__Task brief__
Strip out all images, then restate the data verbatim.

Stored dataset items

----------

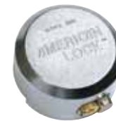
COIN BOX AND AMERICAN 2000 SERIES LOCK (8920-1T)
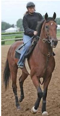
Big Brown at Churchill Wednesday
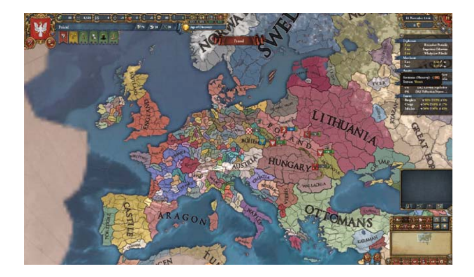
Figure 3. 1444 map in Europa Universalis IV

As the game progresses, players and Al-controlled countries interact in order to fulfill the historical goal of those countries during the Early Modern period: to maintain their dominions and defend from both foreign and domestic aggressions (Maquiavelo, 2016). Diplomacy, trade, public spending, the army, the navy, and so on are just the tip of quite a deep ludic iceberg. The game evolves slowly and ends in 1821. During this evolution, some rules are history-driven. For instance, there is a value in the game called "reform desire". This will increase as Catholic countries abuse some ecclesiastical prerogatives. When it reaches 100 points, an algorithm will be triggered and – in most scenarios – a German-speaking province will be the center of the Reformation, where a monk will write his 95 theses. Another history-driven element is the mission system. Each country will have a mission tree. Completing these missions will give that country some improvements and bonifications. For instance, if Poland is selected, the player will gain certain advantages if Mazovia is reincorporated into the Kingdom of Poland, and even greater ones if the Polish-Lithuanian Commonwealth is eventually formed.
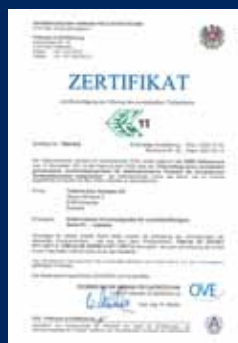
Certificates at www.tridonic.com , "Technical Information" menu
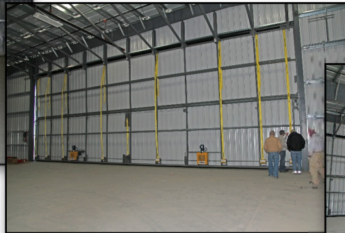
The hangar door
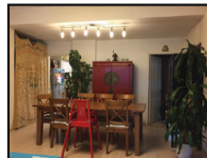
Family apartment in Hellene Gardens (Ref: 16020571) 1,663sq. ft. HKD 7.8M Rate: HKD 4,690sq ft

Good size open plan living & dining area. The kitchen has been renovated a few years ago enclosing the original balcony, maids room & toilet.
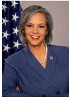
Cong. Robin L. Kelly, PhD (D-IL)

----------

__Response to this exercise__
COIN BOX AND AMERICAN 2000 SERIES LOCK (8920-1T)
Big Brown at Churchill Wednesday
Figure 3. 1444 map in Europa Universalis IV

As the game progresses, players and Al-controlled countries interact in order to fulfill the historical goal of those countries during the Early Modern period: to maintain their dominions and defend from both foreign and domestic aggressions (Maquiavelo, 2016). Diplomacy, trade, public spending, the army, the navy, and so on are just the tip of quite a deep ludic iceberg. The game evolves slowly and ends in 1821. During this evolution, some rules are history-driven. For instance, there is a value in the game called "reform desire". This will increase as Catholic countries abuse some ecclesiastical prerogatives. When it reaches 100 points, an algorithm will be triggered and – in most scenarios – a German-speaking province will be the center of the Reformation, where a monk will write his 95 theses. Another history-driven element is the mission system. Each country will have a mission tree. Completing these missions will give that country some improvements and bonifications. For instance, if Poland is selected, the player will gain certain advantages if Mazovia is reincorporated into the Kingdom of Poland, and even greater ones if the Polish-Lithuanian Commonwealth is eventually formed.
Certificates at www.tridonic.com , "Technical Information" menu
The hangar door
Family apartment in Hellene Gardens (Ref: 16020571) 1,663sq. ft. HKD 7.8M Rate: HKD 4,690sq ft

Good size open plan living & dining area. The kitchen has been renovated a few years ago enclosing the original balcony, maids room & toilet.
Cong. Robin L. Kelly, PhD (D-IL)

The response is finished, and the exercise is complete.